Everything from the line containing "진해 새날노인돌봄의집, 어떤 분께 추천할까요?" through the final line below must be output exactly, both ends included, with nothing else and no pictures.

DATA BLOCK:
=== Begin Enclosure ===

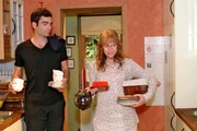 UnterstützungTimo (Matthias Dietrich, l.) gibt vor, Hannah (Laura Osswald, r.) bei der Suche nach einem Nachmieter für Yvonne unterstützen zu wollen - lässt aber kein gutes Haar an den Bewerbern.Bild: © Sat.1 Eigenproduktionsbild frei
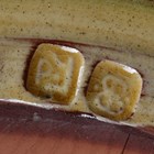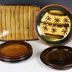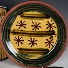 A Paul Young studio pottery circular dish, slip decorated with a geometric pattern of asterisk and lines, impressed seal marks, diameter 33.5cm, together with six Winchcombe type studio pottery dinner plates, unmarked, average diameter 26cm, and a Colonial Williamsburg Restoration 18th century style slipware baking dish, of rounded rectangular shape with combed decoration, impressed mark to base, length 41cm.
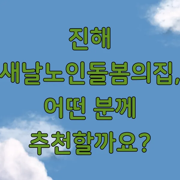 진해 새날노인돌봄의집, 어떤 분께 추천할까요?
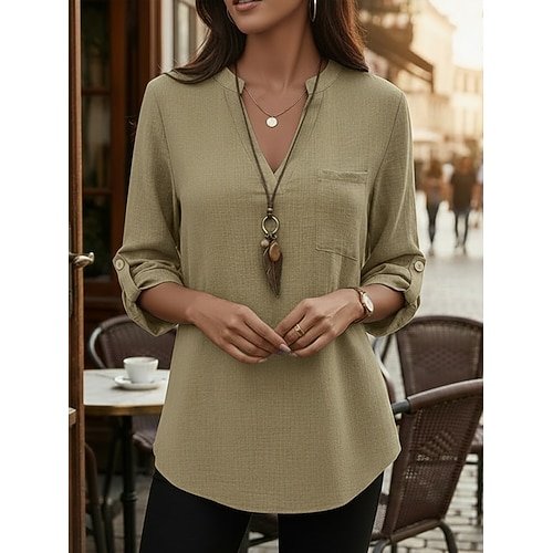 Per donna Top Eleganti Tasca Tinta unica Semplice Elegante Signore Moderno Manica Lunga Scollo a V Top Regolari Quotidiano Lavoro Uscire Nero Bianco Rosa Verde Cachi Autunno Inverno

=== End Enclosure ===

RESPONSE BOX:
 진해 새날노인돌봄의집, 어떤 분께 추천할까요?
 Per donna Top Eleganti Tasca Tinta unica Semplice Elegante Signore Moderno Manica Lunga Scollo a V Top Regolari Quotidiano Lavoro Uscire Nero Bianco Rosa Verde Cachi Autunno Inverno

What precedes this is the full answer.